Japan's central bank also announced on Friday plans to increase the frequency of its bond buying next month, doubling down on efforts to defend its ultra-loose monetary policy.


BOJ Governor Haruhiko Kuroda said Japan was making some progress toward achieving his 2 per cent inflation target, as rising prices heighten the chance more firms will increase wages next year. Kuroda told a news conference the central bank was nowhere near raising interest rates, with inflation likely to fall short of its 2 per cent target for years to come:

"We expect wages to gradually rise reflecting recent inflation. For now, we don't expect inflation to stably and sustainably achieve 2 per cent inflation next fiscal year."

As widely expected, the BOJ left unchanged its -0.1 per cent target for short-term interest rates and a pledge to guide the 10-year bond yield around 0 per cent under its yield curve control (YCC) policy.


The central bank also maintained its dovish guidance projecting that short- and long-term rates will remain at "present or lower levels."

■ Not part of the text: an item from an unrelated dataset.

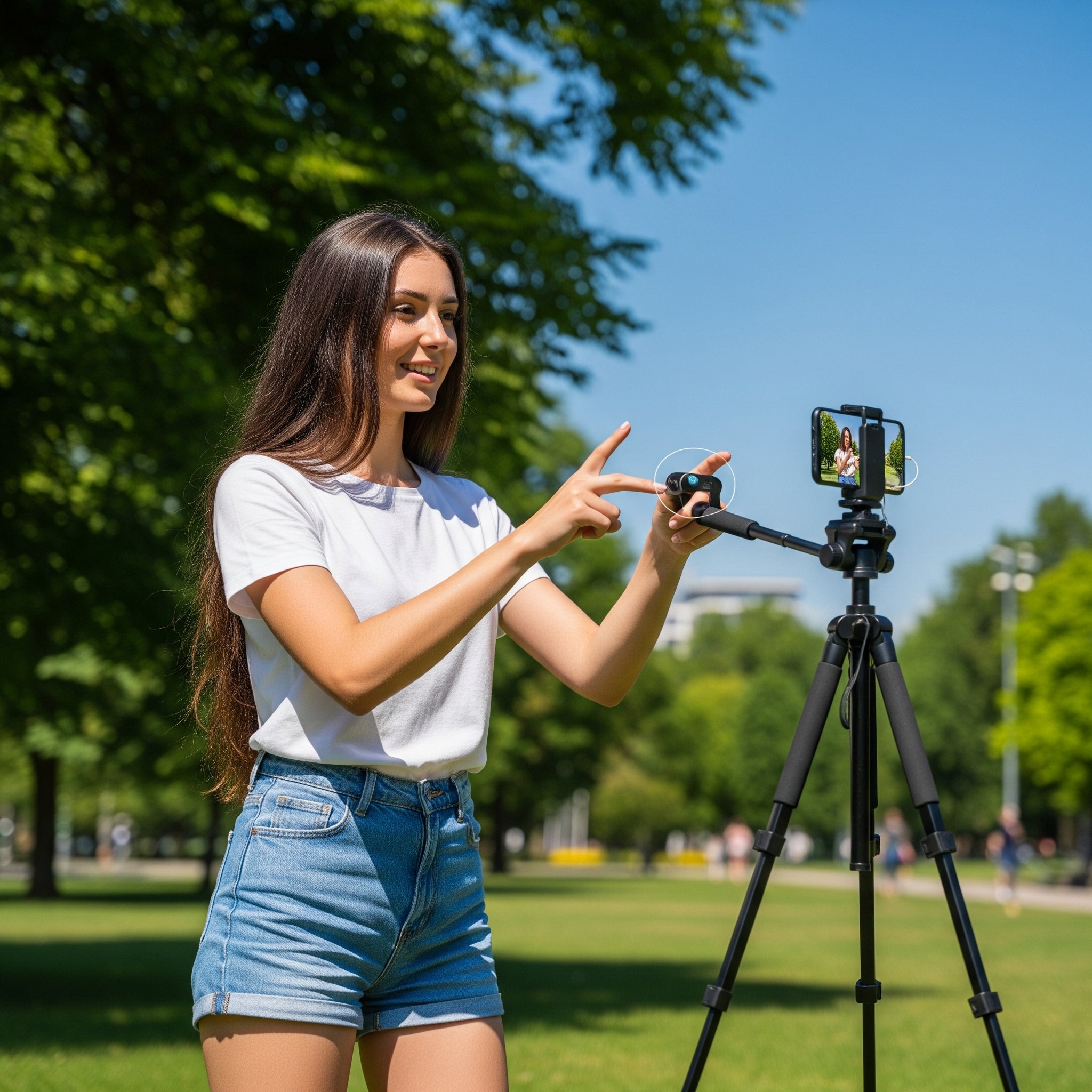Elevate your content effortlessly with our AI Auto-Tracking Selfie Tripod—designed for solo creators, vloggers, TikTokers, and live-stream hosts. The tripod rotates 360°, tracks your face or body using AI, and includes a wireless remote and optional fill light to ensure flawless video—every time.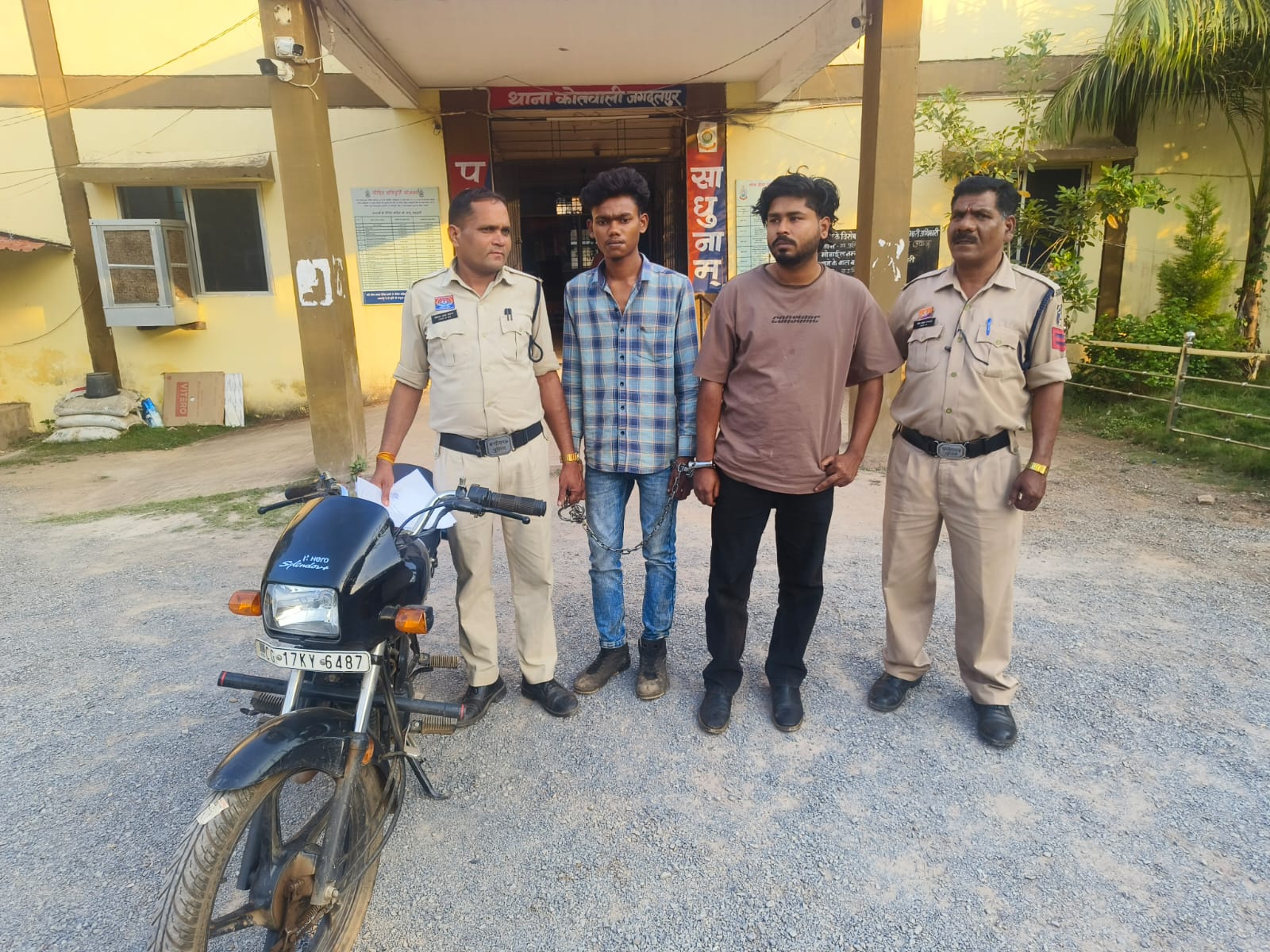 जगदलपुर:- पुलिस अधीक्षक, श्री शलभ कुमार सिन्हा के नेतृत्व मेें बस्तर पुलिस के द्वारा नशे तथा अपराधिक तत्वों के विरूद्ध व्यापक रूप से लगातार कार्यवाही किया जा रहा है जो इसी तारतम्य में अवैध मादक पदार्थ नशीली टेबलेट/कैप्सूल बिक्री करने वाले पर, कार्यवाही करने में कोतवाली पुलिस को बड़ी सफलता मिली है। ज्ञात हो कि थाना कोतवाली जगदलपुर को सूचना प्राप्त हुआ था कि दो व्यक्ति सन सिटी अटल आवाश के रोड किनारे मोटर सायकल में नशीली टेबलेट/कैप्सूल बिक्री करने ग्राहक के इंतजार में खड़ा है, कि सूचना पर पुलिस अधीक्षक, श्री शलभ कुमार सिन्हा के दिशानिर्देशन में अति. पुलिस अधीक्षक श्री माहेश्वर नाग के मार्गदर्शन में एवं नगर पुलिस अधीक्षक श्री सुमित कुमार डी धोत्रे के पर्यवेक्षण में थाना प्रभारी कोतवाली लीलाधर राठौर के नेतृत्व में टीम गठित कर, कार्यवाही हेतु टीम रवाना किया गया था जो उक्त टीम के द्वारा सन सिटी अटल आवाह रोड के पास पहुंचकर घेराबंदी कर, मुखबिर द्वारा बताए गए हुलिया के आधार पर दो व्यक्तियों को घेराबंदी कर पकड़ा गया, जिनसे पूछताछ करने पर अपना उन्होंने अपना अपना नाम 01 आशीष जार्ज पिता राजू जार्ज उम्र 23 साल पता कुम्हारपारा मां भवानी चौक जगदलपुर थाना कोतवाली जिला बस्तर, 02 डीगेश्वर देवदास उर्फ शूटर पिता हेमलाल देवदास उम्र 22 साल पता कुम्हार पारा अब्दुल कलाम वार्ड 40 शंकर मंदिर गली थाना बोधघाट जगदलपुर जिला बस्तर का होना बताया जिनके कब्जे से प्रतिबंधित अल्प्राजोलम की नशीली टेबलेट 870 नग बरामद हुआ, जो बरामद हुए प्रतिबंधित नशीली दवाओं के संबंध में पूछताछ करने पर रखने के संबंध में कोई वैधानिक प्रत्युत्तर नहीं दिया गया तथा नशीली टेबलेट बिक्री करने के लिए रखना स्वीकार करने से प्रतिबंधित अल्प्राजोलम नशीली दवाओं को धारा 21(B) NDPS एक्ट के तहत विधिवत् जप्त कर आरोपीगण आशीष जार्ज तथा डीगेश्वर देवदास को आज दिनांक 10.04.26 को

"He's still basically wedded to the current policy settings of the BOJ," Alvin Tan, head of Asia FX strategy at RBC Capital Markets in Singapore. "It's basically telegraphing to the world that he's not going to change tack anytime soon."


While more modest than other major economies, Japan's core consumer inflation hit an eight-year high of 3% in September, exceeding the BOJ's 2% target for six straight months.


The BOJ's ultra-easy policy has helped trigger sharp yen declines that inflate the cost of importing already expensive fuel and raw materials, prompting the government to intervene in the market to prop up the currency.